U.S. households are more prepared for a potential recession, with recent data showing people have been saving more of their take-home pay over the past several years.
According to a report in the Wall Street Journal citing revised data from the Bureau of Economic Analysis, in the first quarter, the agency more than doubled the personal savings rate estimate to 7.2 percent from 3.3 percent. The new estimate surpasses the 6.5 percent average rate since 1990 and is nearly three times more than the low of 2.5 percent seen back in 2005. In the first three months of 2018, the Wall Street Journal reported $613.5 billion in additional savings was amassed. The revision in the data isn’t rare, but the change is the largest since 2002, noted the paper. The report noted that the recession of 2007 through 2009 likely spooked consumers and left them more convinced they need to save money. According to the report, the savings rate hasn’t declined since 2013, despite unemployment falling by close to half and home and stock prices rising by a lot. That contradicts the wealth effect theory, in which people spend more and save less when their wealth increases. J.P. Morgan Chief U.S. Economist Michael Feroli said that if the wealth effect theory had played out since the recession, the savings rate would be close to around 2 percent. “There’s a little more frugality,” Feroli told the Wall Street Journal. “Maybe people are a little more cautious, a little more aware that there can be rainy days.”

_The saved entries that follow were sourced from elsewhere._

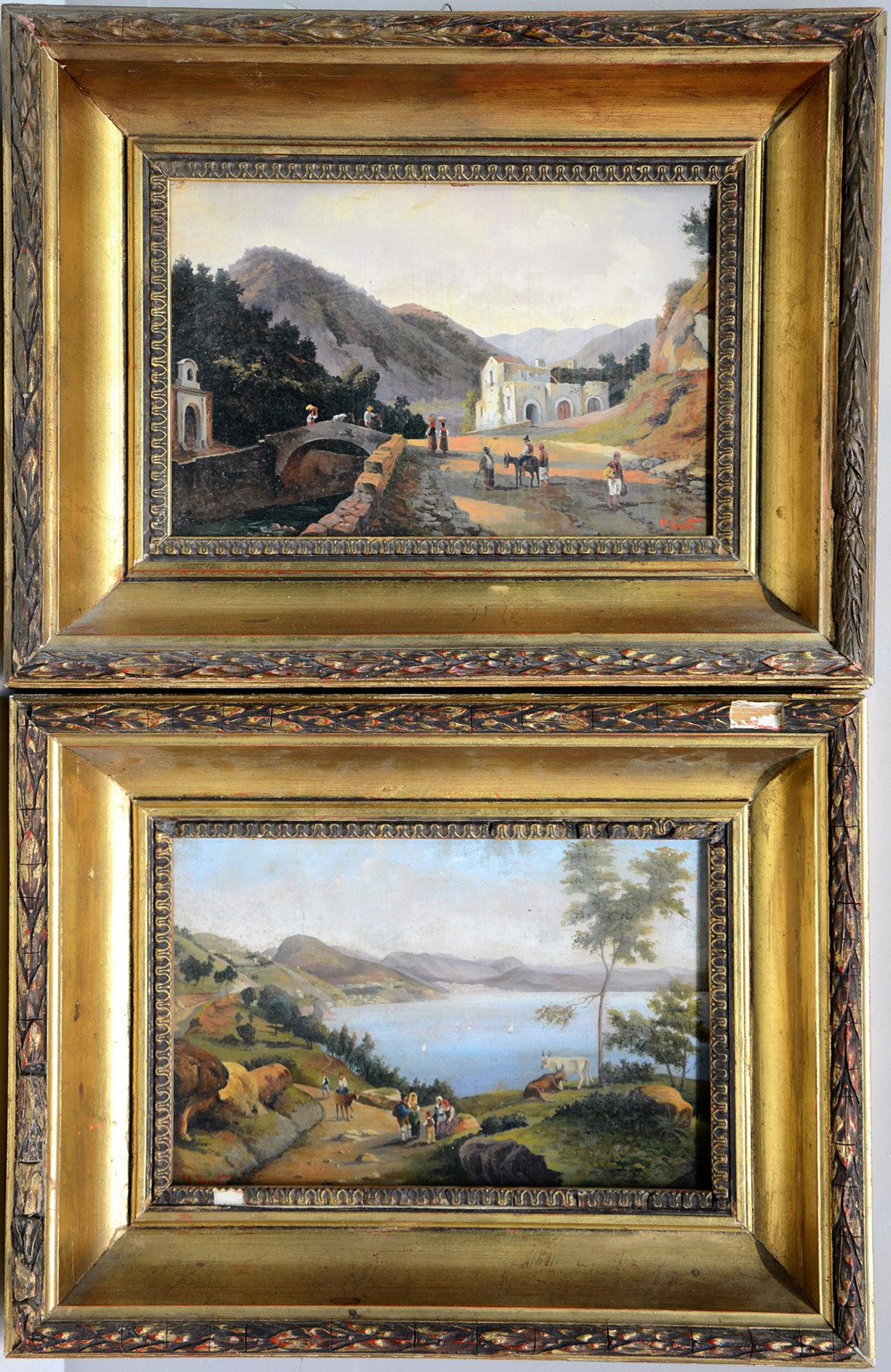 Firma indecifrata, "Paesaggi", coppia di olii su cartone pressato (cm 20x30) firmati in basso, in cornici (difetti)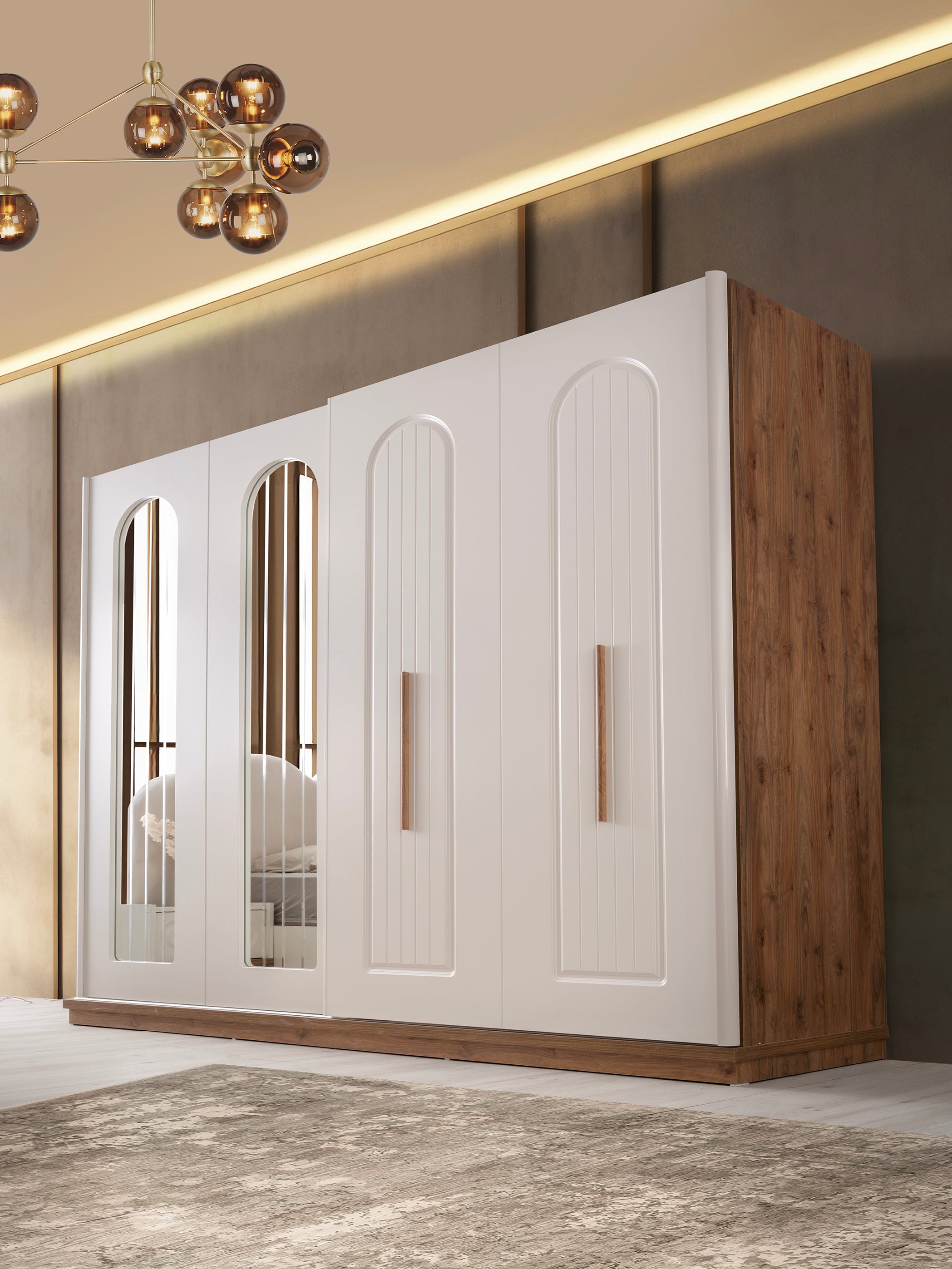 o Голям гардероб с огледални централни врати. Страничните врати са с декоративни лайсни.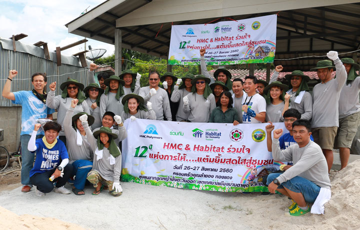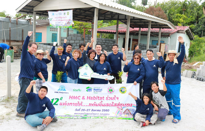 This year, the house building activity took place during 26-27 August, 2017 at Chaklookya East Community, Maptaphut, Rayong. Khun Teerawar Sudsook, Vice Rayong Governor directed the event together with Mr. Timothy Loke, CEO of Habitat for Humanity Thailand and Khun Sawangpong Kingsuwanvong, VP Manufacturing of HMC Polymers.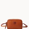 One outside zip pocket. One inside zip pocket. Cell phone pocket. Strap drop length 10″. Feet. Zipper closure.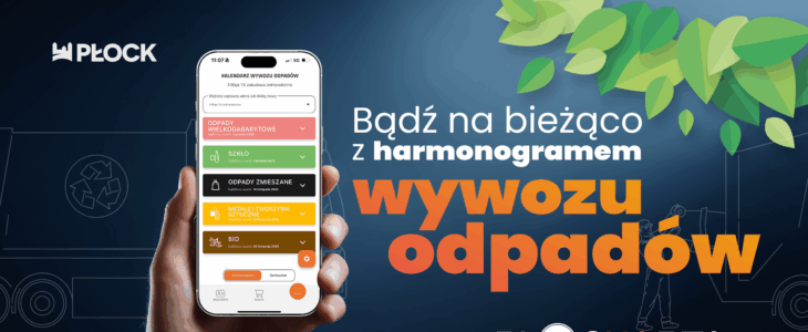 Nowa funkcjonalność w Płockiej Karcie Mieszkańca, poza prezentowaniem zasad prawidłowej segregacji, harmonogramem mobilnego PSZOK i wyszukiwarką odpadów, będzie przypominała mieszkańcom o zbliżającym się terminie odbioru odpadów.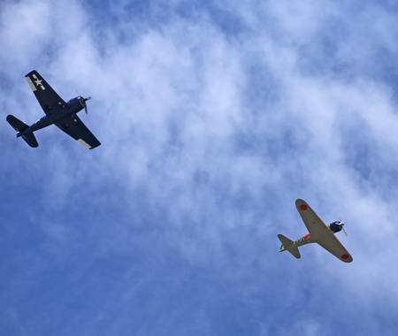 Two World War II era fighters re-enacting a dog fight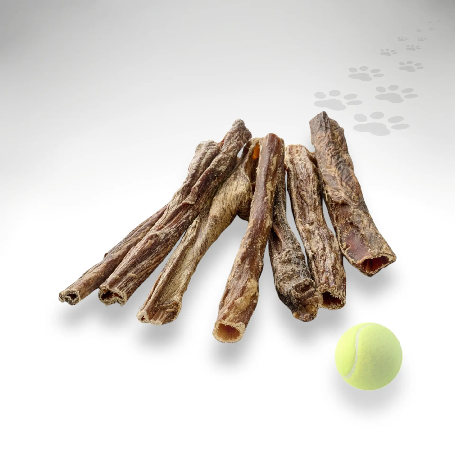 Die Speiseröhre besteht hauptsächlich aus quergestreifter Muskulatur und glatter Muskulatur, wodurch sie eine einzigartige Textur erhält, die von Hunden als besonders angenehm empfunden wird.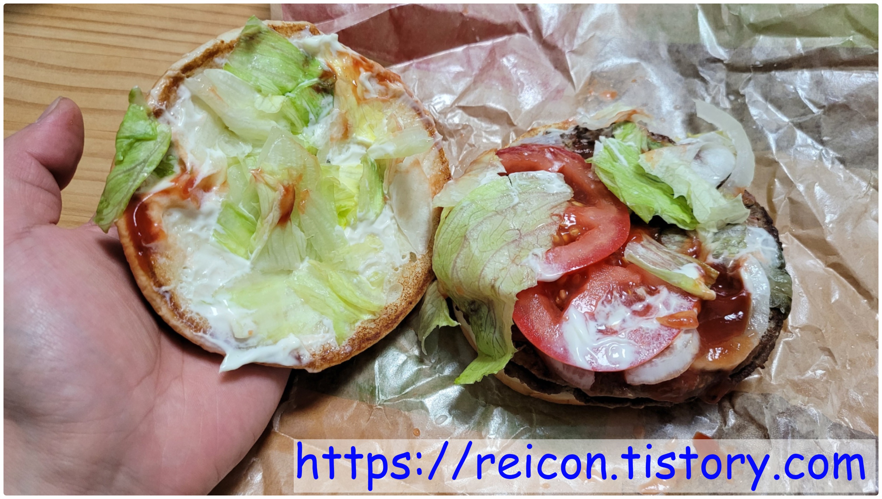물론 이런 느낌의 더블 패티를 좋아하는 사람은 정말 최고의 맛이겠지만, 개인적으론 맛은 분명히 좋긴 하지만 기존 와퍼가 더 맛있었네요.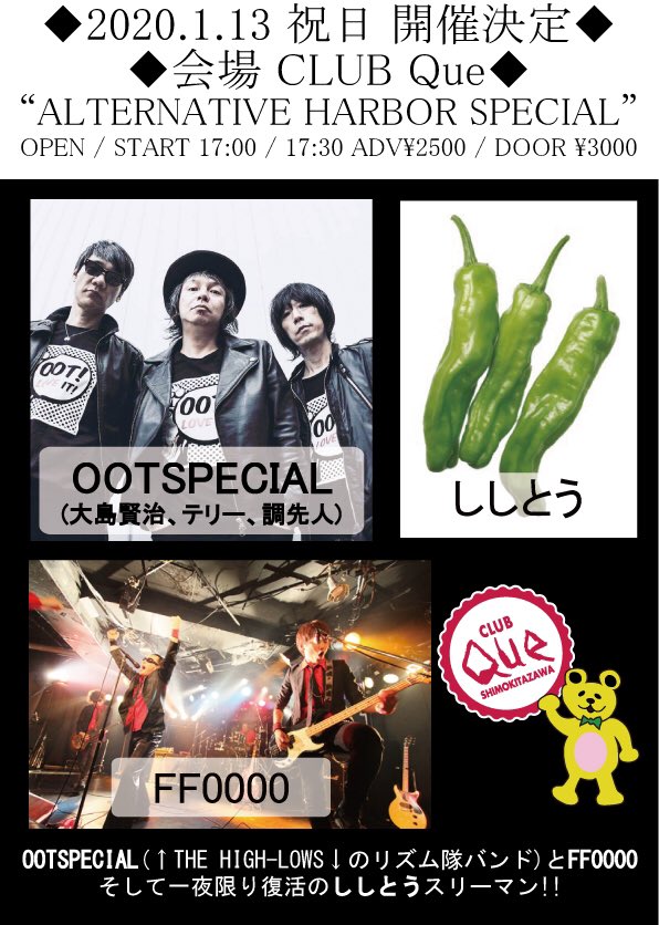 *Today LIVE* 2020/1/13(mon.)@下北沢CLUB Que 『ALTERNATIVE HARBOR SPECIAL』 OOTSPECIAL/ししとう/FF0000 OPEN 17:00/START 17:30 *play 18:20〜 adv.¥2,500+1D/door.¥3,000+1Dpic.twitter.com/L6aiu6H39R

With the savings rate for the first quarter revised, some economists think there will be more of a gradual slowdown in spending. The paper pointed to Goldman Sachs, which thinks spending will rise 2.4 percent per year through the middle part of 2019, up from its previous forecast. Still, the report noted the revised data doesn’t lay out if lower and middle-income households are better off than previously thought. After all, they are the ones that spend most of their incomes. Not to mention that a lot of the new income that prompted the revision comes from interest, dividends, and profits from businesses instead of wages.